From Bugzilla Helper: User-Agent: Mozilla/5.0 (X11; U; Linux i686; en-US; rv:1.1b) Gecko/20020722 Description of problem: Using the RedHat 7.3 2.4.18-5 kernel on a i686 client, and mounting from a server running RawHide 2.4.18-7.80 on a i686, nfs accesses lock up the nfs daemon on the server and the process accessing the nfs mount on the client. The nfs server processes get stuck in a "D" state and so does the client process. The server cannot be shut down properly as the nfsd processes get stuck and can't be killed by the shutdown scripts. Therefore bug is marked as "severe". Using 2.4.18-5 on the server works fine, as does running standard 2.4.19-rc2 (Linus kernel). We also tried 2.4.18-7.86 on the server, but this failed to install (depmod dependency problems). Both the machines use eepro100 cards on 100Mps ethernet. Mount options are: rw,rsize=4096,wsize=4096,hard,intr (also rsize,wsize=8192 tried) Version-Release number of selected component (if applicable): How reproducible: Always Steps to Reproduce: 1. Run 2.4.18-7.80 on a machine exporting nfs mounts 2. Mount export on client running 2.4.18-5 3. ls /mnt/nfs Actual Results: Client process hangs. Server processes hang. Expected Results: Client should be able to access nfs export. Additional info:
This is also broken with RedHat 2.4.18-7.93 (updated modutils to install this).
Sorry for more email, but this is also broken with 2.4.18-7.94, which has most of the nfs patchset in.
Could you obtain a backtrace of the stuck processes via Ctrl-Scroll Lock on the console? That will give us an idea where the processes are getting stuck to help track down the problem.
Okay, I'll attach the trace I managed to grab from dmesg after pressing ctrl+scroll lock. Basically the stuck nfsd processes are like: nfsd D F68108E0 5976 1141 1 1140 1142 (L-TLB) Call Trace: [<c0107f7a>] __down [kernel] 0x6a (0xf6afbde4)) [<c01080d4>] __down_failed [kernel] 0x8 (0xf6afbe08)) [<f8824aa0>] ext3_readdir [ext3] 0x0 (0xf6afbe10)) [<c014fdce>] .text.lock.readdir [kernel] 0x5 (0xf6afbe18)) [<f89997e3>] nfsd_readdir [nfsd] 0xc3 (0xf6afbe38)) [<f89a1070>] nfs3svc_encode_entry_plus [nfsd] 0x0 (0xf6afbe40)) [<f8837ca0>] ext3_dir_operations [ext3] 0x0 (0xf6afbe80)) [<f899ee6e>] nfsd3_proc_readdirplus [nfsd] 0xde (0xf6afbef0)) [<f89a1070>] nfs3svc_encode_entry_plus [nfsd] 0x0 (0xf6afbf04)) [<f89a61c4>] nfsd_procedures3 [nfsd] 0x264 (0xf6afbf24)) [<f89935c0>] nfsd_dispatch [nfsd] 0xd0 (0xf6afbf30)) [<f89a5898>] nfsd_version3 [nfsd] 0x0 (0xf6afbf44)) [<f89754cc>] svc_process_R6eda96b1 [sunrpc] 0x43c (0xf6afbf50)) [<f89a61c4>] nfsd_procedures3 [nfsd] 0x264 (0xf6afbf78)) [<f89a58b8>] nfsd_program [nfsd] 0x0 (0xf6afbf7c)) [<f89933b0>] nfsd [nfsd] 0x1d0 (0xf6afbf98)) [<c010765e>] kernel_thread [kernel] 0x2e (0xf6afbff0)) [<f89931e0>] nfsd [nfsd] 0x0 (0xf6afbff8))
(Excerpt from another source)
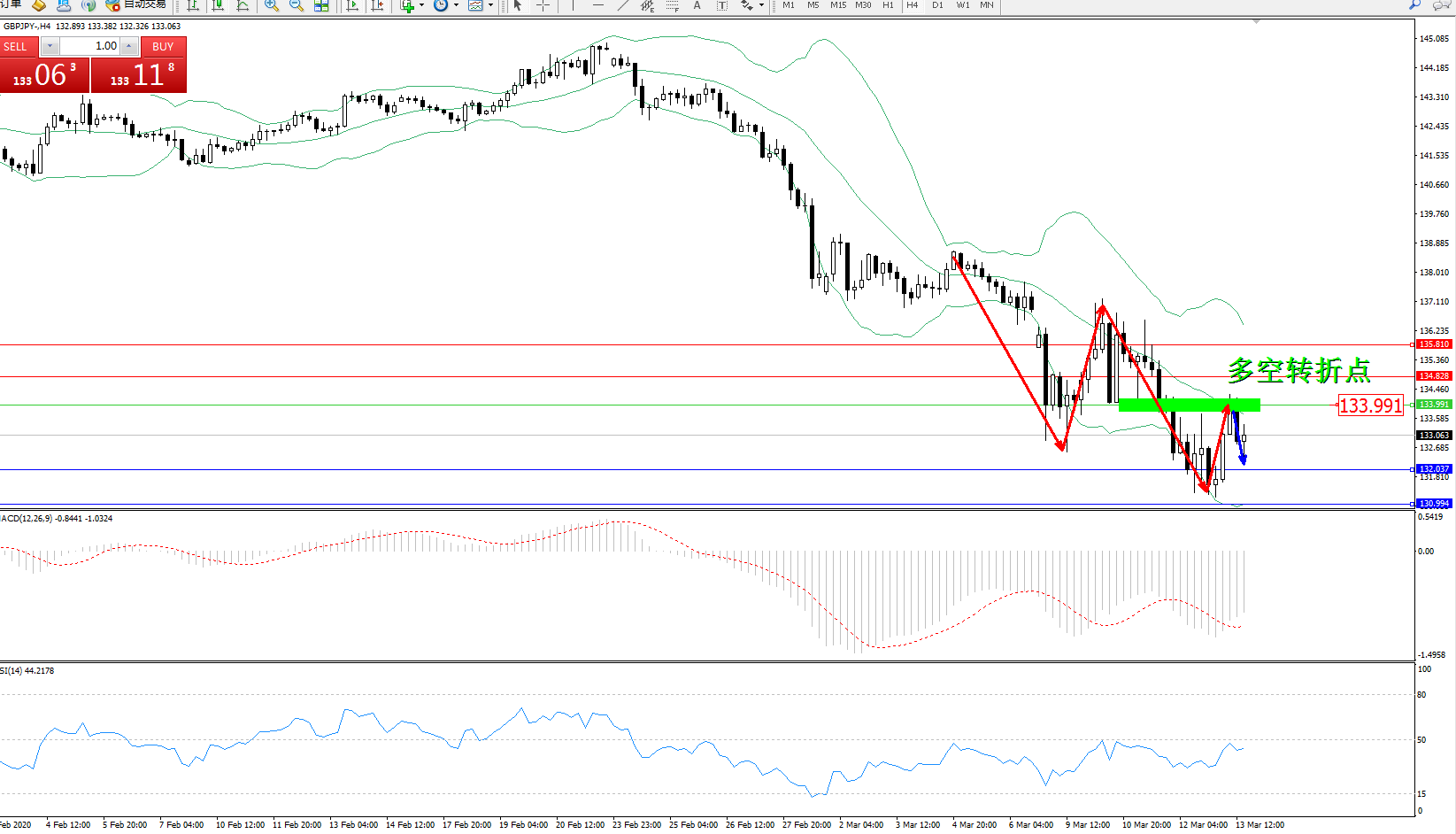 多空转折点:133.991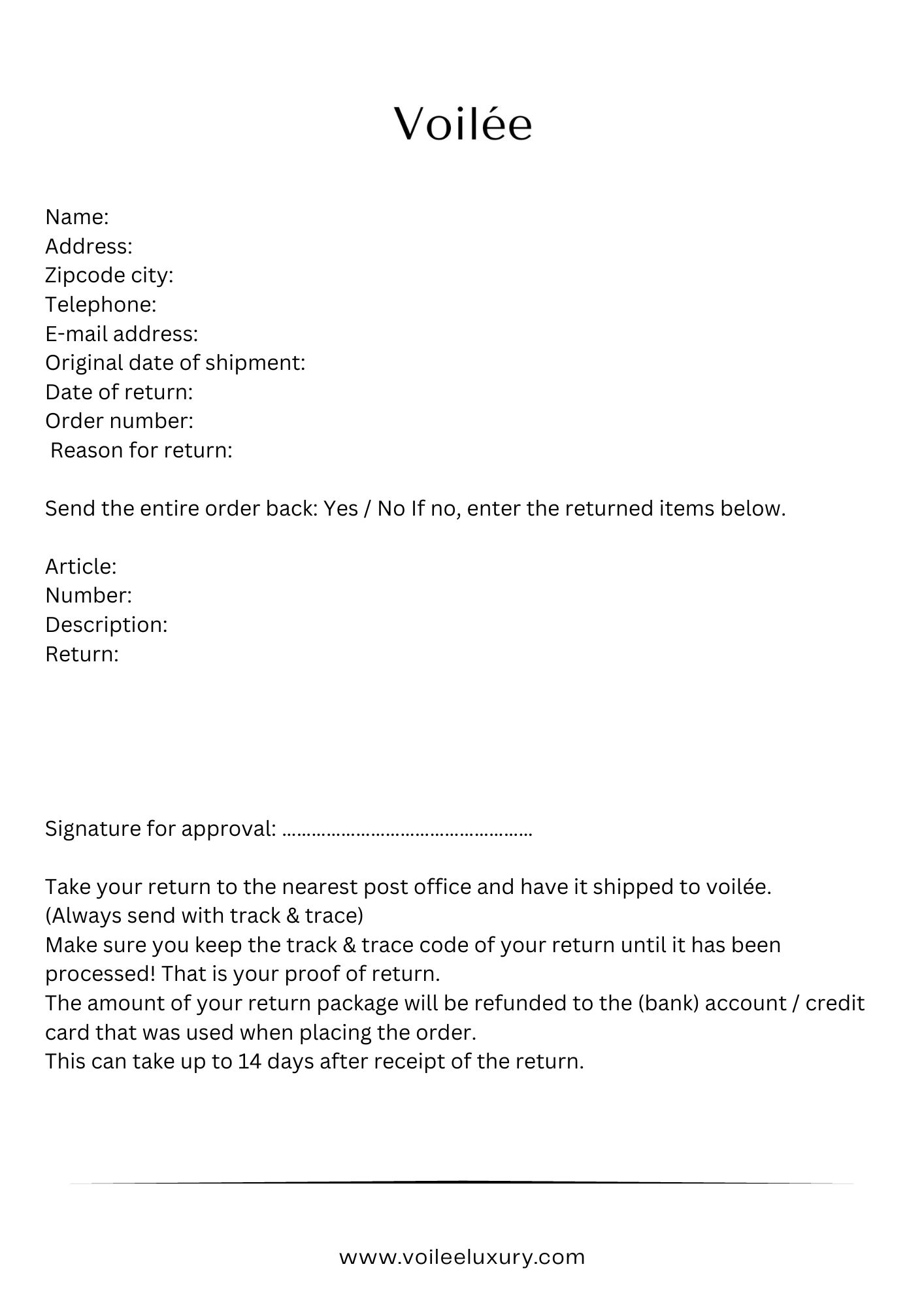 Do you want to return? Let us know within 14 calendar days. Send an e-mail to info@voileeluxury.com

Created attachment 69705 [details] most of traces on system
Created attachment 69706 [details] tcpdump -vv -s0 on traffic when trying to mount export
The above tcpdump output is from trying to mount the export on a 2.4.18-5 system (server running rawhide), using tcpdump -vv -s0. Mount command fails this time with: [root@xpc1 jss]# mount -t nfs xserv1.ast.cam.ac.uk:/soft3 /mnt/nfs mount: RPC: Timed out
As the trace suggests this looks like an ext3-nfs interaction bug. I remounted the exported partition as ext2, restarted the nfs daemon, and it worked fine. Remounting as ext3 provoked the bug again.
Reproduced; Workaround found, now for the real bugfix
Workaround or fixes in kernel-2.4.18-10.98 solve the problem here.